INSTRUCTIONS TO FOLLOW » Each line in the data must be reproduced as written, except for any picture.

RECORDS TO PROCESS »

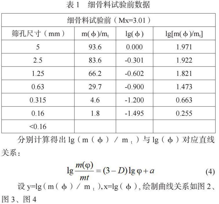 细骨料级配数值可形成一种分布函数,这种分布函数就是一种分形,根据国内学者汪振双、王立久对混凝土细集料级配分形试验研[2]究中引用数学计算公式进行计算,计算如下:
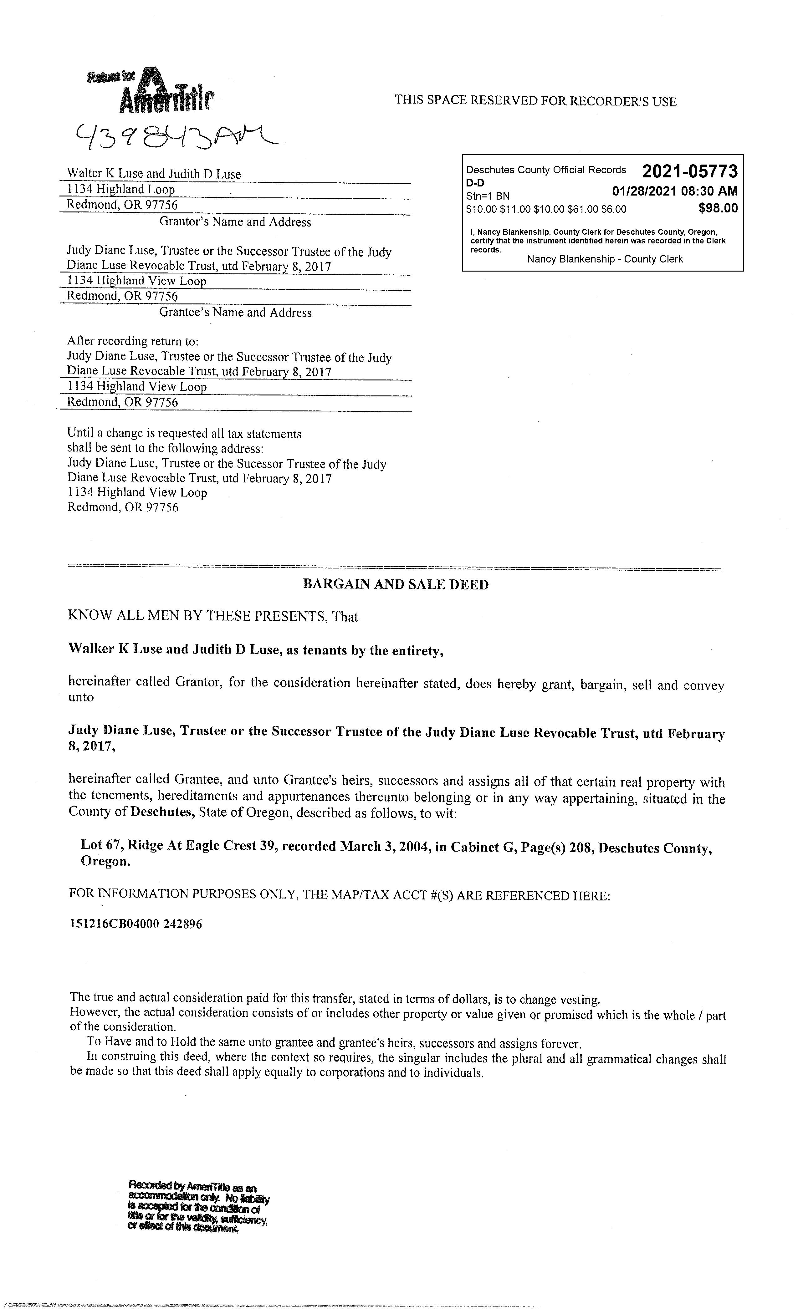 Deschutes County Title has provided this information as a courtesy and assumes no liability for the accuracy of the data and does not warranty the fitness of this product for any particular purpose. 1134 Highland View Loop|Redmond|Oregon|97756 Bend 397 SW Upper Terrace Dr Bend, Oregon 97702 Office: 541.389.2120 Fax: 541.389.2180 Redmond 845 SW Veterans Way Redmond, Oregon 97756 Office: 541.527.1274 Fax: 541.527.1281 La Pine 51515 Huntington Rd La Pine, Oregon 97739 Office: 541.876.6990 Fax: 541.876.2740 St Helens 240 South First Street St. Helens, Oregon 97051 Office: 503.397.2587 Fax: 503.366.1708 HOMEBOOK www.deschutestitle.com
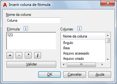 Exibe os nomes de colunas dos dados do desenho extraídos e de dados externos (se um vínculo de dados foi estabelecido). Os nomes das colunas podem ser clicados duas vezes para serem adicionados no campo Fórmula ou arrastados da lista Coluna para o campo Fórmula. Colunas de fórmula existentes não são listadas e não podem ser usadas como valores para a criação de colunas adicionais de fórmula.
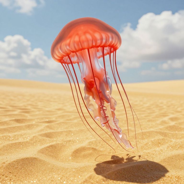 Photograph of a single, vibrant red jellyfish with translucent, wavy tentacles, floating above a vast, golden sandy desert. The jellyfish's dome-shaped bell is illuminated by sunlight, casting a shadow on the sand below. The background features a bright blue sky with scattered, fluffy white clouds, creating a stark contrast to the sandy desert. The jellyfish's delicate, flowing tentacles dangle gracefully, adding a surreal element to the arid landscape. The image captures the jellyfish in sharp detail, highlighting its ethereal beauty against the stark simplicity of the desert.
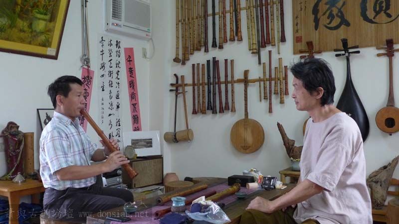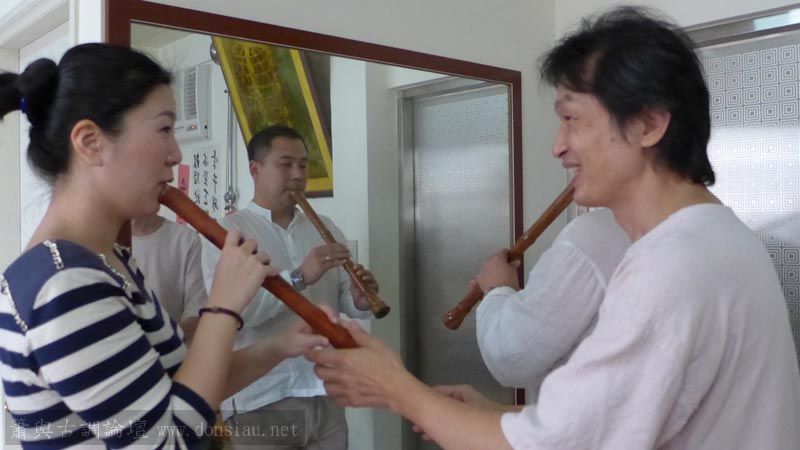 許先生伉儷與鄭先生先後到訪一起交流,許先生加訂一管f調唐口簫
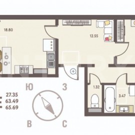 Продается квартира в строящемся доме. Сдача дома 2 кв 2026 года. Квартира с евро планировкой Е2. Бесплатное парковочное место для авто! кухня - гостиная 18.8 кв. м. с выходом на застекленную лоджию 4.40 кв. м. спальня 15.68 кв. м., спальня 11.67 кв.м., Это новый жилой комплекс комфорт-класса...
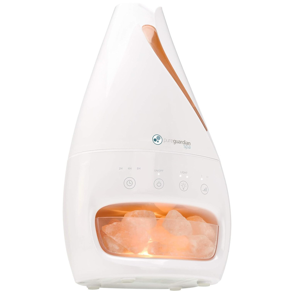 A combinação terapêutica da lâmpada de sal do Himalaia e do umidificador ultrassônico com bandeja de aromaterapia foi projetada para criar uma atmosfera calmante e relaxante, ao mesmo tempo em que oferece todos os benefícios de um umidificador tradicional. Esta lâmpada de sal 3 em 1 pode operar todas as suas funções de forma independente ou simultânea. A lâmpada de rocha de sal do Himalaia cria muitos benefícios de elevação do humor, exibindo uma luz ambiente suave brilhando através de cristais exclusivos do Himalaia criados naturalmente. O umidificador ultrassônico proporciona alívio seco ao dispersar a umidade no ar, e a bandeja de aromaterapia libera a fragrância de sua escolha de nossos óleos essenciais em seu espaço. Facilmente portátil, esta elegante lâmpada de sal foi projetada para proporcionar uma atmosfera relaxante em qualquer lugar. Pode ser usada em quartos, quartos de bebês, salas de estar, áreas de meditação, salas de aula, spas, escritórios e muito mais. É o presente perfeito para todas as gerações
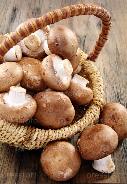 Свежие грибы в корзине на деревянном столе
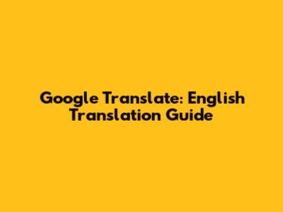 Google Translate: English Translation Guide
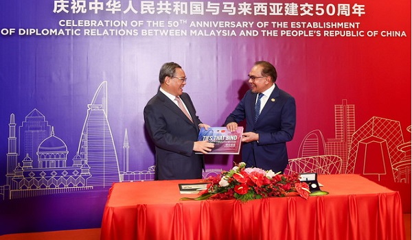 Sementara itu,Datuk Seri Anwar dan Li bertukar-tukar buku mewah bagi memperingati ulang tahun hubungan diplomatik ke-50 antara Malaysia dan China.
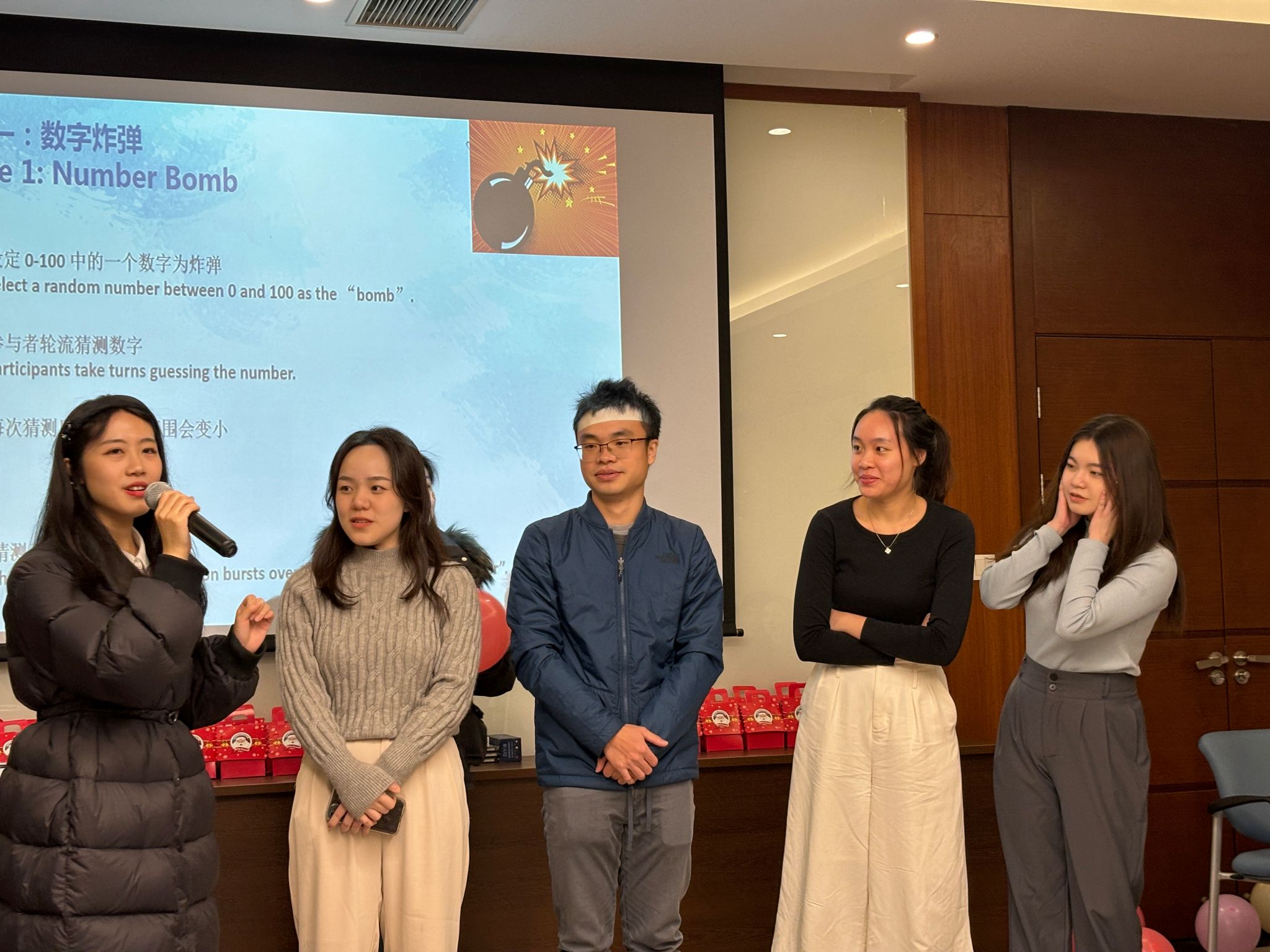在游戏环节,中新双方同学都积极参与。在首轮“数字炸弹”游戏中,新加坡同学首轮出战就猜中了“炸弹”的数字,带动了全场的游戏氛围;在“人名猜猜猜”游戏中,中新学生分别扮演哆啦A梦、柯南、李小龙等知名角色,丰富的动作语言表达和紧张刺激的竞技氛围让全场都投入其中。

TASK RESPONSE »
 细骨料级配数值可形成一种分布函数,这种分布函数就是一种分形,根据国内学者汪振双、王立久对混凝土细集料级配分形试验研[2]究中引用数学计算公式进行计算,计算如下:
 Deschutes County Title has provided this information as a courtesy and assumes no liability for the accuracy of the data and does not warranty the fitness of this product for any particular purpose. 1134 Highland View Loop|Redmond|Oregon|97756 Bend 397 SW Upper Terrace Dr Bend, Oregon 97702 Office: 541.389.2120 Fax: 541.389.2180 Redmond 845 SW Veterans Way Redmond, Oregon 97756 Office: 541.527.1274 Fax: 541.527.1281 La Pine 51515 Huntington Rd La Pine, Oregon 97739 Office: 541.876.6990 Fax: 541.876.2740 St Helens 240 South First Street St. Helens, Oregon 97051 Office: 503.397.2587 Fax: 503.366.1708 HOMEBOOK www.deschutestitle.com
 Exibe os nomes de colunas dos dados do desenho extraídos e de dados externos (se um vínculo de dados foi estabelecido). Os nomes das colunas podem ser clicados duas vezes para serem adicionados no campo Fórmula ou arrastados da lista Coluna para o campo Fórmula. Colunas de fórmula existentes não são listadas e não podem ser usadas como valores para a criação de colunas adicionais de fórmula.
 Photograph of a single, vibrant red jellyfish with translucent, wavy tentacles, floating above a vast, golden sandy desert. The jellyfish's dome-shaped bell is illuminated by sunlight, casting a shadow on the sand below. The background features a bright blue sky with scattered, fluffy white clouds, creating a stark contrast to the sandy desert. The jellyfish's delicate, flowing tentacles dangle gracefully, adding a surreal element to the arid landscape. The image captures the jellyfish in sharp detail, highlighting its ethereal beauty against the stark simplicity of the desert.
 許先生伉儷與鄭先生先後到訪一起交流,許先生加訂一管f調唐口簫
 Продается квартира в строящемся доме. Сдача дома 2 кв 2026 года. Квартира с евро планировкой Е2. Бесплатное парковочное место для авто! кухня - гостиная 18.8 кв. м. с выходом на застекленную лоджию 4.40 кв. м. спальня 15.68 кв. м., спальня 11.67 кв.м., Это новый жилой комплекс комфорт-класса...
 A combinação terapêutica da lâmpada de sal do Himalaia e do umidificador ultrassônico com bandeja de aromaterapia foi projetada para criar uma atmosfera calmante e relaxante, ao mesmo tempo em que oferece todos os benefícios de um umidificador tradicional. Esta lâmpada de sal 3 em 1 pode operar todas as suas funções de forma independente ou simultânea. A lâmpada de rocha de sal do Himalaia cria muitos benefícios de elevação do humor, exibindo uma luz ambiente suave brilhando através de cristais exclusivos do Himalaia criados naturalmente. O umidificador ultrassônico proporciona alívio seco ao dispersar a umidade no ar, e a bandeja de aromaterapia libera a fragrância de sua escolha de nossos óleos essenciais em seu espaço. Facilmente portátil, esta elegante lâmpada de sal foi projetada para proporcionar uma atmosfera relaxante em qualquer lugar. Pode ser usada em quartos, quartos de bebês, salas de estar, áreas de meditação, salas de aula, spas, escritórios e muito mais. É o presente perfeito para todas as gerações
 Свежие грибы в корзине на деревянном столе
 Google Translate: English Translation Guide
 Sementara itu,Datuk Seri Anwar dan Li bertukar-tukar buku mewah bagi memperingati ulang tahun hubungan diplomatik ke-50 antara Malaysia dan China.
在游戏环节,中新双方同学都积极参与。在首轮“数字炸弹”游戏中,新加坡同学首轮出战就猜中了“炸弹”的数字,带动了全场的游戏氛围;在“人名猜猜猜”游戏中,中新学生分别扮演哆啦A梦、柯南、李小龙等知名角色,丰富的动作语言表达和紧张刺激的竞技氛围让全场都投入其中。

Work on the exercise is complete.